In fact, Wolman and Colamosca are giving voice to the growing anger among "high road" production-oriented sectors in government, professional circles and the business community over the path of economic speculation taken by low road capitalists. The authors launch bitter attacks against "despot" bankers taking the "road to disaster" by letting "global capital run wild." (pages 141- 142) Their alternative economic plan is to revitalize Keynesian growth policies of low interest rates, capital investments, growing wages, and the control of speculation. Unfortunately their concrete proposals are timid and underdeveloped.

Wolman and Colamosca see the post WW II world and its "extraordinary accomplishments" as their model. Whether Democrats or Republicans, they note it was Nixon who said: "We are all Keynesians now." (p. 165) Furthermore they point out that U.S. Keynesian policy was "unique" because of the "technologically progressive industrial policy of the Pentagon during the cold war." (p. 220) Not exactly my type of nostalgia, and it's here where radicals need to note our differences with liberals and progressive capitalists who support the high road of economic development.

Wolman and Colamosca reduce the capitalist global crisis to a policy choice. We can choose the speculative low road, or the high road of manufacturing real value and growth. This is certainly true in terms of necessary reform. But it also ignores the deep structural limitations of capitalism that are at the root of the current crisis. We cannot simply turn back the clock to the growth conditions of the post WW II environment. The accomplishments of the U.S. were historically conditioned by a number of important factors: 1) the lack of post war international competition; 2) pent-up demands for consumer and industrial goods built up from the depression and WW II; 3) and new industrial technologies which created more high paying jobs than they destroyed. All of this has changed. Therefore any Keynesian industrial policy needs to be significantly recast for a technologically connected world, which is not about to revert back to nationally, based markets.

The book also has undertones, which seem to harken back to a Jack Kennedy or Hubert Humphrey type of cold war warrior society. A world guarded by a benevolent military-industrial elite which produced growth which kept First World Workers on top and Third World workers at bay, and gave us the war in Vietnam. Wolman and Colamosca state they have no "desire to institute any measures designed to raise up those who earn their living from work in the industrialized world by holding down their counterparts in the developing world." (p 207) Yet they fail to develop a single idea on how new growth policies would extend equally to the Third World. They must know of the global campaigns against Nike and the textile industry's exploitation of labor, but they never bother to discuss international labor standards nor what might constitute equitable relations between nations.

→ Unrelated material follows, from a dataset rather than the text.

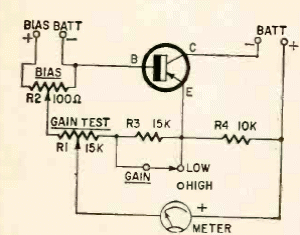 This bridge-biased transistor test circuit measures gain in the range 0 to 300. Circuit is from Radio Electronics June 1952.

This seems a major failure for The Judas Economy, which blames the betrayal of work on capital shipping American jobs abroad for cheap labor. One could easily construe their argument as a call to return to old fashioned imperialist growth policies and the privileges enjoyed by white workers. This would put Wolman and Colamosca in the company of Pat Buchanan. It's something I'm sure they wish to avoid, but only greater clarity will do so.

Nevertheless The Judas Economy is a powerful indictment of speculative global capital, and offers a no-excuse defense of the working class. The book also provides a wealth of facts and statistical data on the growing patterns of wealth and poverty which so clearly define low road capitalism. For radicals who doubt that there is some common political ground between the left and high-road liberals, this book should help convince them to rethink the narrow strategies of sectarian politics.